Statistical distributions of pyrosequencing
Yong Kong
TL;DR
The paper addresses the variability of pyrosequencing readouts by deriving exact distributions for two key quantities: the number of nucleotide flows needed for a fixed read length $n$ and the read length achievable with a fixed number of flows $f$. It uses a bivariate probability generating function framework to obtain a compact, symmetric form $G(x,y)=\frac{xy}{H}\big[1 - s_2(1-x)y + s_3(1-x)^2 y^2 - s_4(1-x)^3 y^3\big]$ with $H=1 - y + s_2(1-x)y^2 - s_3(1-x)^2 y^3 + s_4(1-x)^3 y^4$, from which exact means and variances follow: for fixed $n$, $\bar{f}(n)=s_2 n - s_2 + 1$ and $\sigma_f^2(n)=(s_2 - 3s_2^2 + 2s_3)n + (5s_2^2 - s_2 - 4s_3)$; for fixed $f$, $\bar{n}(f)\approx \frac{f}{s_2} + \frac{2s_3}{s_2^2} - 2$ and $\sigma_n^2(f)\approx \frac{s_2 - 3s_2^2 + 2s_3}{s_2^3}f$ (with small corrections). In the equal-probability case $p_a=p_b=p_c=p_d=\tfrac14$, these simplify to $\bar{f}(n)=\frac{3}{8}n+\frac{5}{8}$ and $\sigma_f^2(n)=\frac{5}{64}n+\frac{5}{64}$, and the corresponding $n$-distributions are well-approximated by $N(\bar{f},\sigma_f^2)$. The results include detailed expressions for distributions ending with each nucleotide and for fixed-$f$ vs fixed-$n$ regimes, and are supported by exact calculations with high numerical precision.
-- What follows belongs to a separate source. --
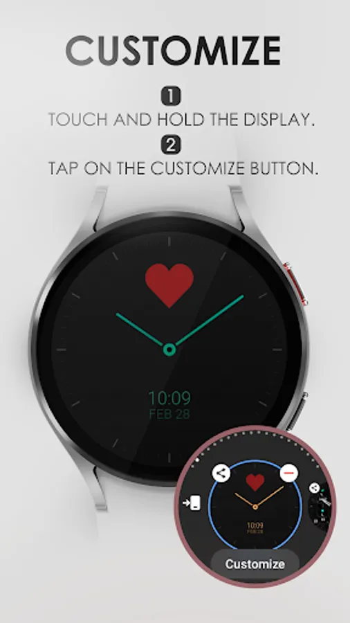 - To customize your watch face, simply touch and hold the display, then tap on the Customize button.

These findings provide practical guidance for pyrosequencing instrument design, software development, and performance monitoring across different nucleotide compositions.
Abstract
Pyrosequencing is emerging as one of the important next-generation sequencing technologies. We derive the statistical distributions of this technique in terms of nucleotide probabilities of the target sequences. We give exact distributions both for fixed number of flow cycles and for fixed sequence length. Explicit formulas are derived for the mean and variance of these distributions. In both cases, the distributions can be approximated accurately by normal distributions with the same mean and variance. The statistical distributions will be useful for instrument and software development for pyrosequencing platforms.